Available data

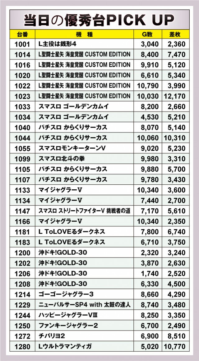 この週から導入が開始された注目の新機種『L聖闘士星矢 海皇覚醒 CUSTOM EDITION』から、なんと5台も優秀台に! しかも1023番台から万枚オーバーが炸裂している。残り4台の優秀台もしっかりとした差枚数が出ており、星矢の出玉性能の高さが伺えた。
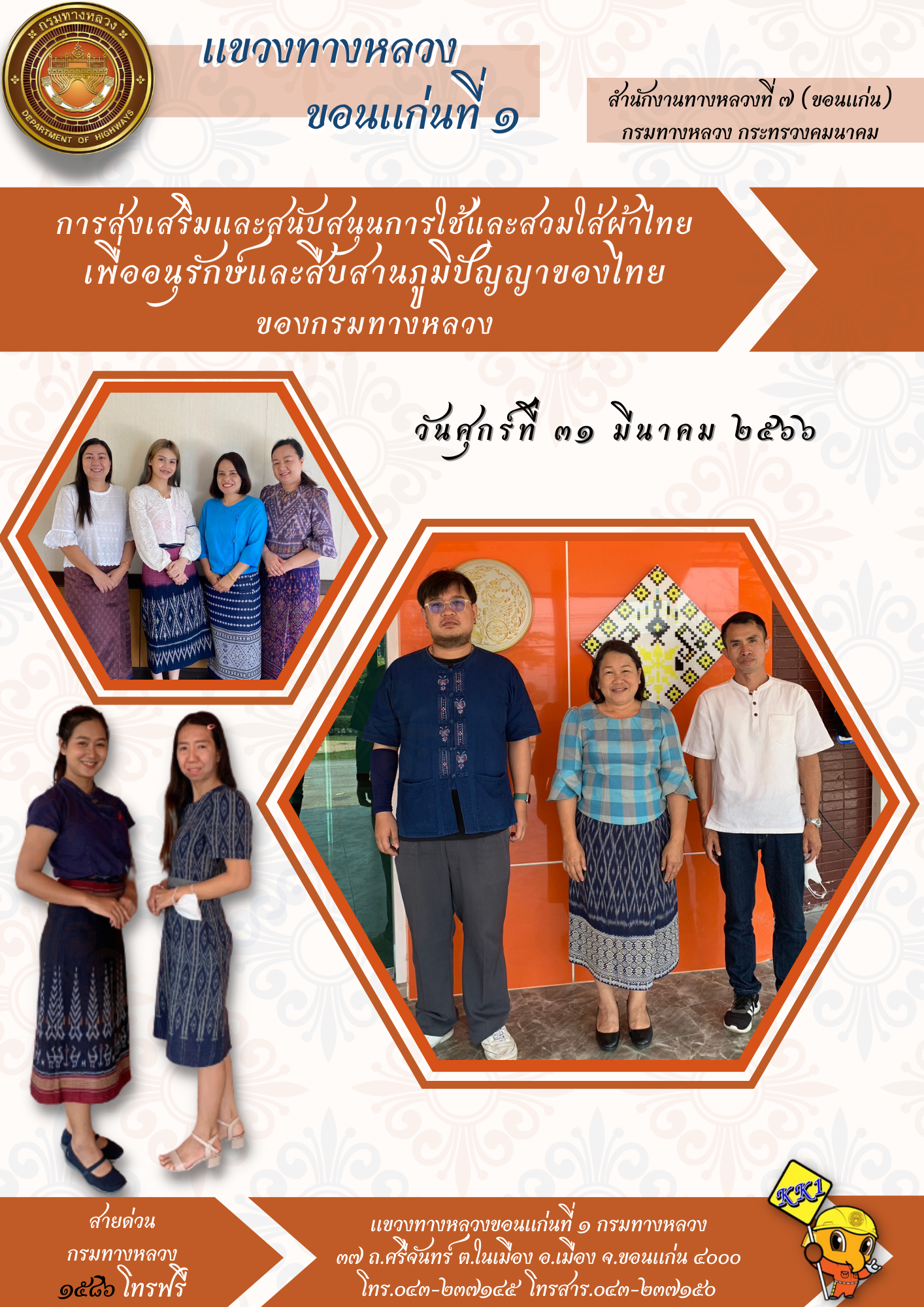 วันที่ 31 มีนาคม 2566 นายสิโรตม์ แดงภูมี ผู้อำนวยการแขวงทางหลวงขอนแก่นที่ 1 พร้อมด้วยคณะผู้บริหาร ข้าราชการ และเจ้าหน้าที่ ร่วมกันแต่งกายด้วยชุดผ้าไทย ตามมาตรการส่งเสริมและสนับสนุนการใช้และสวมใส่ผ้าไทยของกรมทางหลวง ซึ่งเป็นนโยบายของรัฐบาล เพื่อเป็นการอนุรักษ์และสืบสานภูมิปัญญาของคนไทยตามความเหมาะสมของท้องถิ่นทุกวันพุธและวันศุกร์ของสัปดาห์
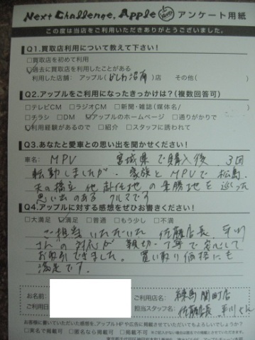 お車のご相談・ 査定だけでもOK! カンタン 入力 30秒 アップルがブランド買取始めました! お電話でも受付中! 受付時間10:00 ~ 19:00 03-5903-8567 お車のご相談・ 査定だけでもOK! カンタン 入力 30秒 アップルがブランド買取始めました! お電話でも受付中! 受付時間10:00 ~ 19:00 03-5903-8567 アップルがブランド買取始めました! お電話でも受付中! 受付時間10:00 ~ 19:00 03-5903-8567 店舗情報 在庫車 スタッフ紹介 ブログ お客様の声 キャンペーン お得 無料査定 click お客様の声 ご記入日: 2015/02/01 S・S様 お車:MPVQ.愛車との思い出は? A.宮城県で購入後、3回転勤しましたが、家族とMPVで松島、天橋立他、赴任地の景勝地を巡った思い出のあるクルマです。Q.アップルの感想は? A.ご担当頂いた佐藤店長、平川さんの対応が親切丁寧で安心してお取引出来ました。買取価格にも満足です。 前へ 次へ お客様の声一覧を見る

Work to complete
Word for word, repeat the data above with the pictures left out.

Answer space
 この週から導入が開始された注目の新機種『L聖闘士星矢 海皇覚醒 CUSTOM EDITION』から、なんと5台も優秀台に! しかも1023番台から万枚オーバーが炸裂している。残り4台の優秀台もしっかりとした差枚数が出ており、星矢の出玉性能の高さが伺えた。
 วันที่ 31 มีนาคม 2566 นายสิโรตม์ แดงภูมี ผู้อำนวยการแขวงทางหลวงขอนแก่นที่ 1 พร้อมด้วยคณะผู้บริหาร ข้าราชการ และเจ้าหน้าที่ ร่วมกันแต่งกายด้วยชุดผ้าไทย ตามมาตรการส่งเสริมและสนับสนุนการใช้และสวมใส่ผ้าไทยของกรมทางหลวง ซึ่งเป็นนโยบายของรัฐบาล เพื่อเป็นการอนุรักษ์และสืบสานภูมิปัญญาของคนไทยตามความเหมาะสมของท้องถิ่นทุกวันพุธและวันศุกร์ของสัปดาห์
 お車のご相談・ 査定だけでもOK! カンタン 入力 30秒 アップルがブランド買取始めました! お電話でも受付中! 受付時間10:00 ~ 19:00 03-5903-8567 お車のご相談・ 査定だけでもOK! カンタン 入力 30秒 アップルがブランド買取始めました! お電話でも受付中! 受付時間10:00 ~ 19:00 03-5903-8567 アップルがブランド買取始めました! お電話でも受付中! 受付時間10:00 ~ 19:00 03-5903-8567 店舗情報 在庫車 スタッフ紹介 ブログ お客様の声 キャンペーン お得 無料査定 click お客様の声 ご記入日: 2015/02/01 S・S様 お車:MPVQ.愛車との思い出は? A.宮城県で購入後、3回転勤しましたが、家族とMPVで松島、天橋立他、赴任地の景勝地を巡った思い出のあるクルマです。Q.アップルの感想は? A.ご担当頂いた佐藤店長、平川さんの対応が親切丁寧で安心してお取引出来ました。買取価格にも満足です。 前へ 次へ お客様の声一覧を見る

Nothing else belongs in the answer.